= Kyaw Tun =

Thakin Kyaw Tun, or Thakin Kyaw Dun (ကျော်ထွန်း 1915–1980) was a Burmese politician.

==Early life and education==
Thakin Kyaw Tun was born in AlLaBote village, Htantabin Township, Insein District by U Bo Sa and Daw Ohn in 1915. He studied at Buddhist English-Burmese School Thar Yawaddy, Tharyawaddy ABM and Insein High Schools respectively.

==Career==

He joined Dobama Asiayone and became a Thakin in 1935. He began to take part in peasant movements. In 1938, he became a member of the working committee of the All Burma Peasants Organization, a branch of Dobama Asiayone. At the same time, he was the secretary of All Burma Peasant Organization (Insein District).

He participated actively in the year 1300 Revolution and also campaigned against the oppressive laws on peasants; for this, he was arrested and imprisoned by the colonial British Government.

In the 1942 Resistance Against the Japanese, he worked underground as a member of the People's Revolution Party (PRP) (later become socialist party). On the formation of the Burma Independence Army (BIA), as a revolutionary leader of the Insein District, he took part in the administration of Insein District. Later, in the movement against British Occupation and the struggle for the independence, he worked closely with Thakin Tin, U Kyaw Nyein, Thakin Chit, U Ba Swe and Thakin Tin Tun.

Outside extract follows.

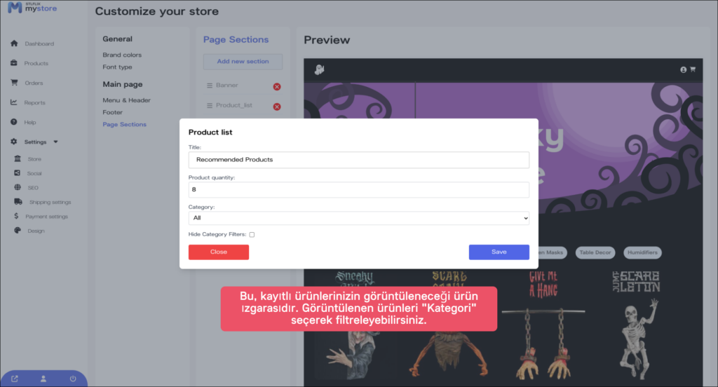 Mağazanızın menüsünü, başlığını ve altbilgisini özelleştirdiğinize göre, şimdi sayfa bölümleri ekleyebilirsiniz. “Sayfa Bölümleri” sekmesine tıklayın ve eklemek istediğiniz bölümleri seçin.
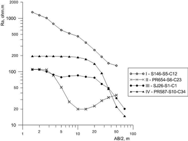 Los valores de resistividad eléctrica del horizonte inferior no exceden de 86 Ω·m, lo que se explica por el aumento del grado de humedad con la profundidad y, sobre todo, por la presencia de material arcilloso en la composición litológica de las diferentes formaciones geológicas del territorio.

In May 1942, he attended BIA officer training school. On the transition of BIA to BDA (Burma Defence Army) he left the army.

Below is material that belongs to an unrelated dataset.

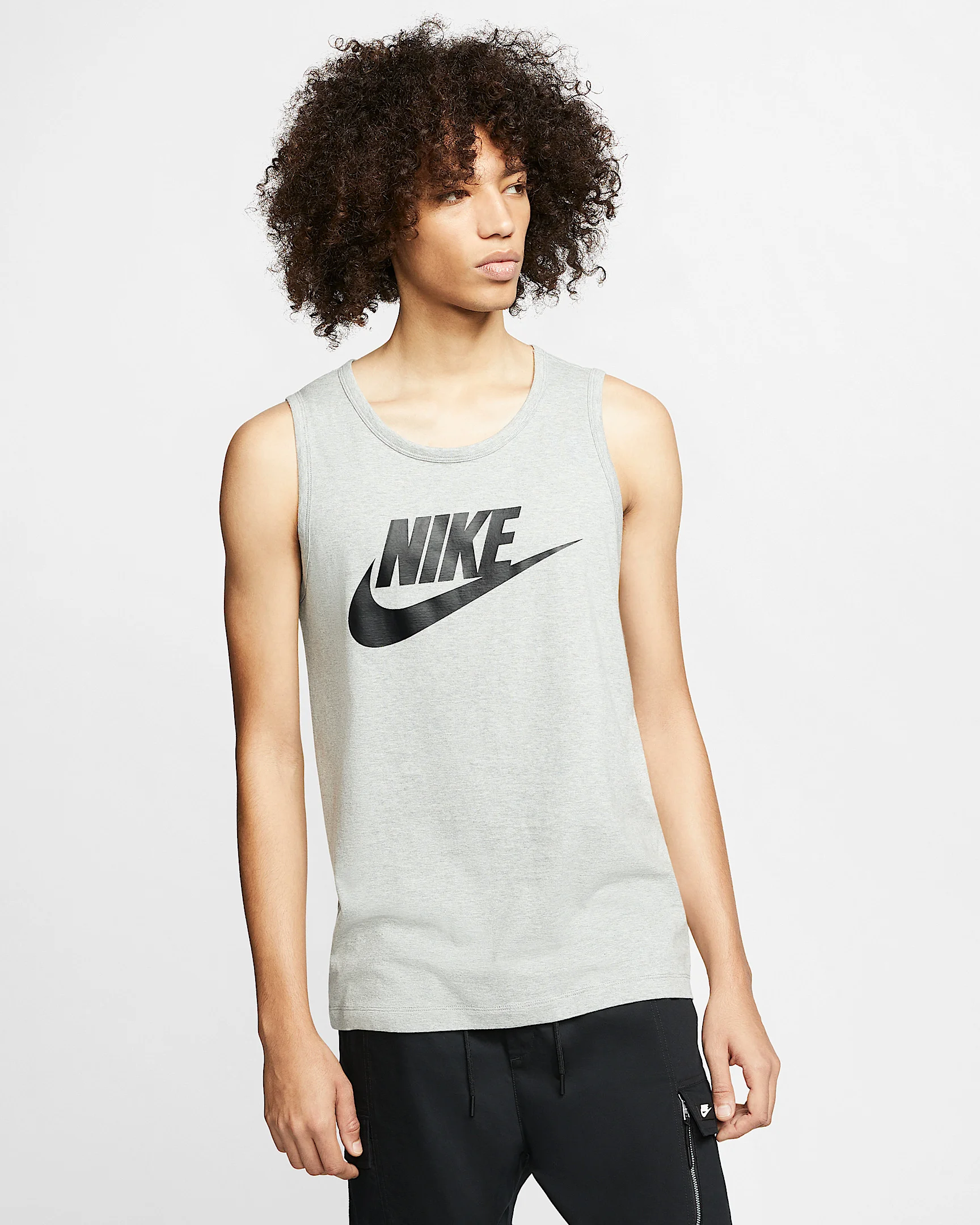 The Nike Sportswear Tank sets you up with a soft cotton jersey feel and bold branding at the chest for warm-weather comfort and style. Product Details - Standard fit for relaxed, easy feel - Fabric: 80-100% cotton/0-20% polyester - Machine wash - Imported - Note: Material percentages may vary depending on color. Check label for actual content. - Shown: Dark Grey Heather/Black - Style: AR4991-063 SIZE & FIT Standard fit: easy and traditional

As an organizer in Insein District for Dobama Poor Man organization, he undertook secret organization for the resistance against the Japanese occupation, by communicating with Thakin Than Tun and Thakin Chit.

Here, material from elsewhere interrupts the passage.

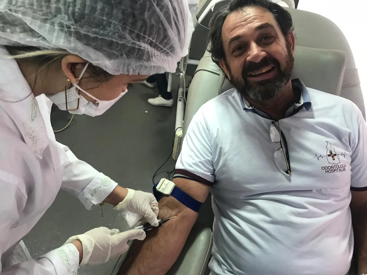 Dr Giancarlo Quagliarello fez a doação de sangue para motivar aos Colegas Cirurgiões Dentistas, mostrando a importância deste ato.

In 1945, he was the political leader for Insein District and worked with Division 1, Min Hla Sithu Force. After the World War II, he took part in the formation of the Socialist Party. Later he became deputy secretary for the Socialist Party. In 1950, he became the General Secretary of the All Burma Peasants Organization.

He was elected as a member of parliament in the 1947 election from Insein North. In 1950, he became the parliament secretary for the Forestry and Agriculture Ministry. In 1952, he became Minister for the same department.

From 1956 to 1960, he worked as the president of the Economy and Trade Organization. In 1956, when U Nu resigned from the Prime Minister Post to take up the president post of AFPFL Thakin Kyaw Tun also resigned from the minister post to work along with U Nu as the general secretary of AFPFL.

Because of the differences among the leaders of AFPFL, the party split in 1958. Thakin Kyaw Tun became the general secretary of AFPFL (clean) faction which was led by U Nu and Thakin Tin.

Thakin Kyaw Tun's post as the minister for Forestry and Agriculture and Cooperatives and Good Distribution in the new AFPFL (clean) government lasted only for 3 months and 17 days, cut short by the first Coup de ta by the army in 1958.

He did not participate in the 1960 election, instead playing the role of general secretary of “Union Party”, formerly the AFPFL (clean) party. During the split between “U-BO” and “Thakin” fractions, Thakin Kyaw Tun led the Thakin Fraction.

In 1964, he resigned from the Union Party and joined the Burmese Way to Socialist Party and in 1965 we worked as the president of Trade Corporation No. 6. He worked as the Ambassador of Burma to the Soviet Union, Poland and Romania based in Moscow from 1969 to 1975, after which he retired.

== Death ==
On 6 February 1980, he died in Yangon, leaving his wife, Daw Sein Thaung and 9 children.